== Exercise requirements ==
What you return must match the records exactly, except that the pictures are gone.

===== Data for review =====

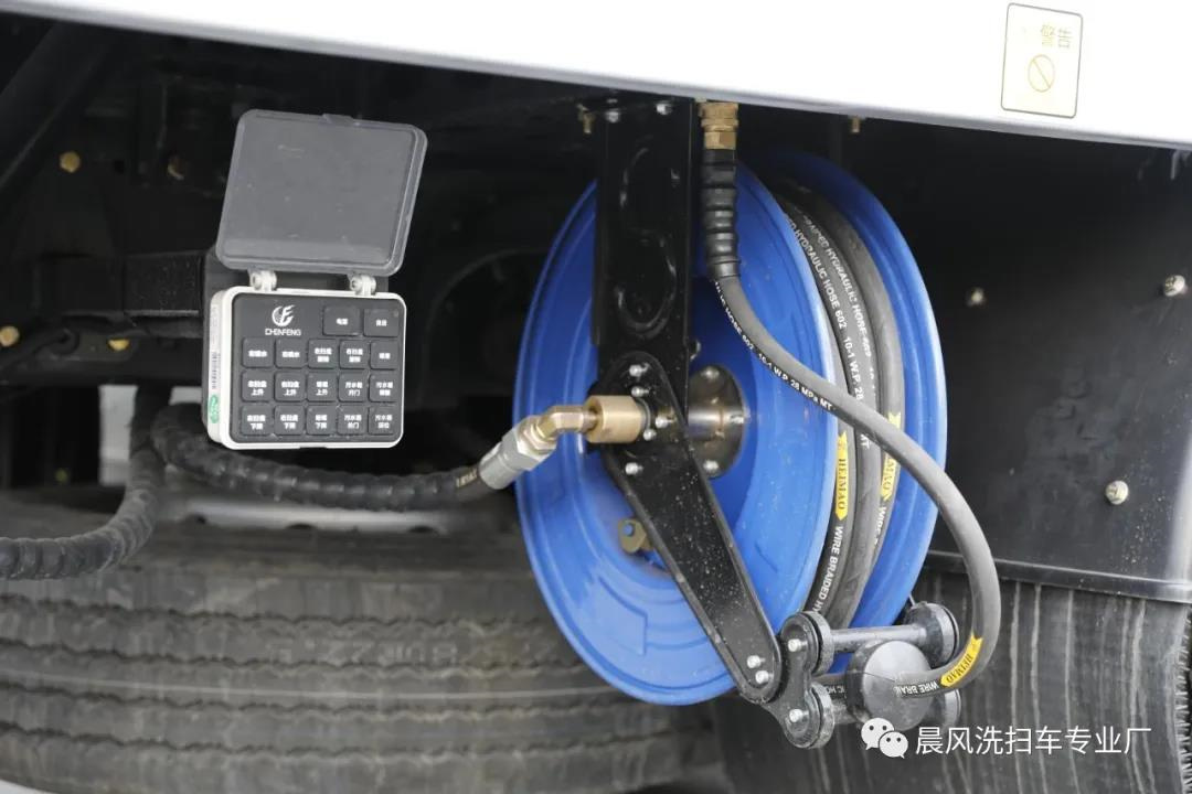 22)側(cè)后部裝有機(jī)械式自動(dòng)卷繞沖洗卷盤(pán),配20m高壓軟管和不同角度的清洗槍?zhuān)捎糜谇逑窜?chē)身和其它設(shè)備
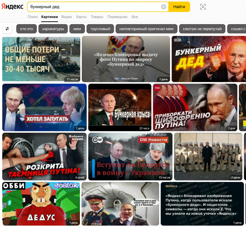 Видимо, после этой утечки цензурирование запросов по крайней мере по поводу Путина было то ли убрано, то ли скорректировано, потому что по тому же "бункерному деду" Yandex теперь все прекрасно находит, включая картинки из статей, где говорилось об этом цензурировании.
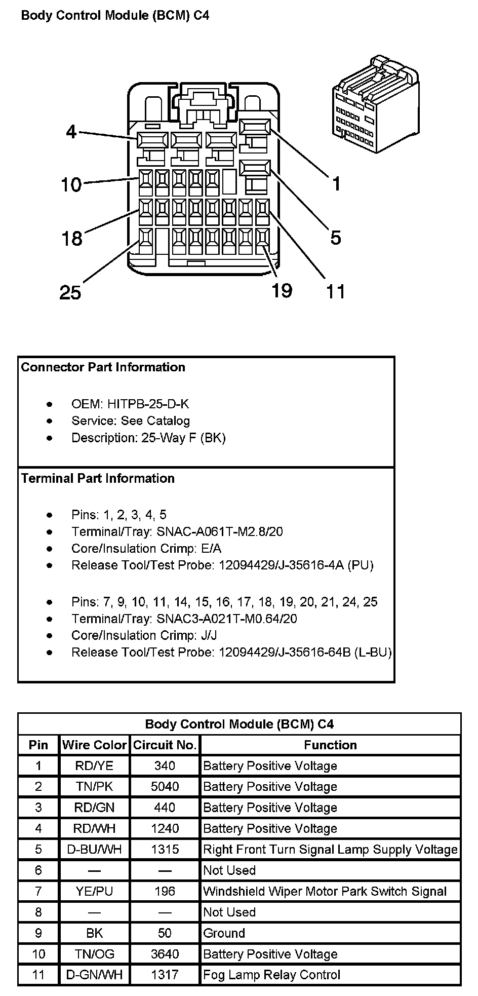 Body Control Module (BCM) C4 (Pin 12 To 25):
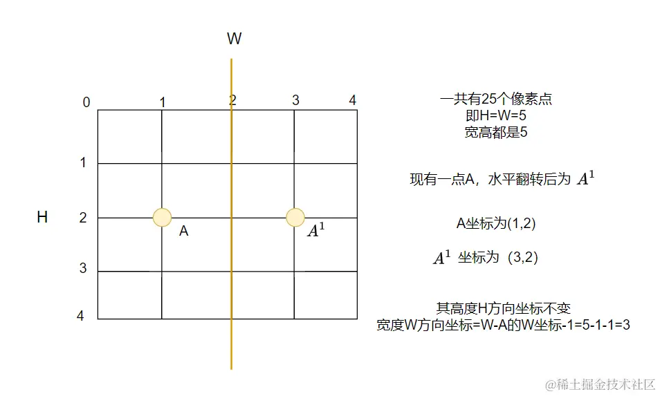 # Flip horizontal keypoints[:, 0] = width - keypoints[:, 0] - 1这句代码什么意思呢?其实就是将关键点水平翻转了一下,作图帮大家理解:
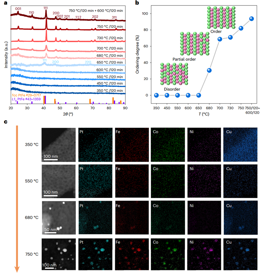 退火温度对iNPs有序度的影响:XRD分析显示,低于600℃时仅为无定形金属簇;650℃时出现无序面心立方PtFe相;680℃以上开始出现L1₀有序相的特征衍射峰(24.2°和33.4°)。温度从680℃升至750℃,有序度从30.5%提升至82.1%。若采用两步NH₃退火(750℃/120 min后650℃/120 min),有序度可达93.8%。暗场STEM及元素分布图证实,即使在高温下各金属元素仍保持均匀分布。

=====

== Answer for this exercise ==
 22)側(cè)后部裝有機(jī)械式自動(dòng)卷繞沖洗卷盤(pán),配20m高壓軟管和不同角度的清洗槍?zhuān)捎糜谇逑窜?chē)身和其它設(shè)備
 Видимо, после этой утечки цензурирование запросов по крайней мере по поводу Путина было то ли убрано, то ли скорректировано, потому что по тому же "бункерному деду" Yandex теперь все прекрасно находит, включая картинки из статей, где говорилось об этом цензурировании.
 Body Control Module (BCM) C4 (Pin 12 To 25):
 # Flip horizontal keypoints[:, 0] = width - keypoints[:, 0] - 1这句代码什么意思呢?其实就是将关键点水平翻转了一下,作图帮大家理解:
 退火温度对iNPs有序度的影响:XRD分析显示,低于600℃时仅为无定形金属簇;650℃时出现无序面心立方PtFe相;680℃以上开始出现L1₀有序相的特征衍射峰(24.2°和33.4°)。温度从680℃升至750℃,有序度从30.5%提升至82.1%。若采用两步NH₃退火(750℃/120 min后650℃/120 min),有序度可达93.8%。暗场STEM及元素分布图证实,即使在高温下各金属元素仍保持均匀分布。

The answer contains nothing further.